3.13 Provisions and Contingent Liabilities
A provision is recognized when an enterprise has a present obligation (legal or constructive) as a result of past event; it is probable that an outflow of resources will be required to settle the obligation, in respect of which a reliable estimate can be made. Provisions are determined based on best estimate required to settle the obligation at the balance sheet date. These are reviewed at each balance sheet date and adjusted to reflect the current best estimates.
Provisions for warranty-related costs are recognized when the product is sold or service provided. Provision is estimated based on historical experience and technical estimates. The estimate of such warranty-related costs is reviewed annually.

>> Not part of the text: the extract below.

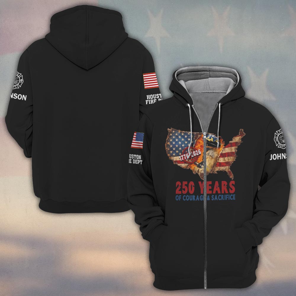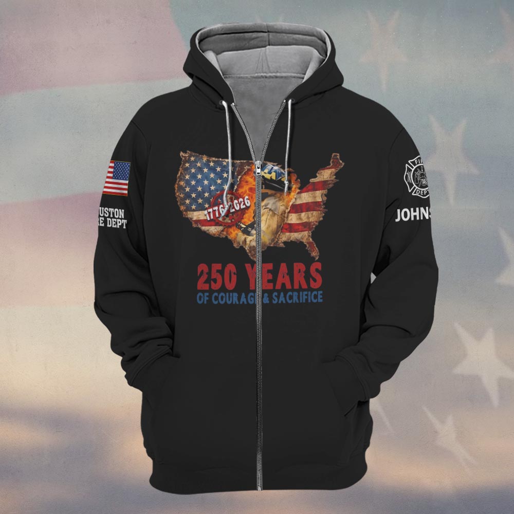 Custom Name & Fire Department 250 Years Of Courage & Sacrifice #DQH0435 – Zip Hoodie

Provision for liquidated damages are recognized based on the terms of the sales agreed with customers, the delivery date and the commitment date. The estimate of liquidated damages is reviewed annually.
A contingent liability is a possible obligation that arises from past events whose existence will be confirmed by the occurrence or non-occurrence of one or more uncertain future events beyond the control of the Company or a present obligation that is not recognized because it is not probable that an outflow of resources will be required to settle the obligation. The Company does not recognize a contingent liability but discloses its existence in the financial statements.
3.14 Financial Instruments
A financial instrument is any contract that gives rise to a financial asset of one Company and a financial liability.
A. Financial assets
i. Initial recognition and measurement
All financial assets are recognised initially at fair value plus, in the case of financial assets not recorded at fair value through profit or loss (FVTPL), transaction costs that are attributable to the acquisition of the financial asset. However, trade receivables that do not contain a significant financing component are measured at transaction price.
ii. Subsequent measurement
For purposes of subsequent measurement, Debt instruments are measured at amortised cost.
iii. De-recognition
A financial asset (or, where applicable, a part of a financial asset or part of a Company of similar financial assets) is derecognised primarily when:
• The rights to receive cash flows from the asset have expired, or
• The Company has transferred substantially all the risks and rewards of the asset.
iv. Impairment of financial assets
In accordance with Ind AS 109, the Company applies expected credit loss (ECL) model for measurement and recognition of impairment loss on the following financial assets and credit risk exposure:
Financial assets that are debt instruments, and are measured at amortised cost e.g., loans, debt securities, deposits, trade receivables and bank balances.
The Company follows ‘simplified approach’ for recognition of impairment loss allowance on Trade receivables.
The application of simplified approach does not require the Company to track changes in credit risk. Rather, it recognises impairment loss allowance based on lifetime ECLs at each reporting date, right from its initial recognition.
Lifetime ECL are the expected credit losses resulting from all possible default events over the expected life of a financial
instrument. ECL is the difference between all contractual cash flows that are due to the Company in accordance with the contract and all the cash flows that the Company expects to receive, discounted at the original EIR. When estimating the cash flows, an entity is required to consider:
• All contractual terms of the financial instrument (including prepayment, extension, call and similar options) over the expected life of the financial instrument. However, in rare cases when the expected life of the financial instrument cannot be estimated reliably, then the entity is required to use the remaining contractual term of the financial instrument.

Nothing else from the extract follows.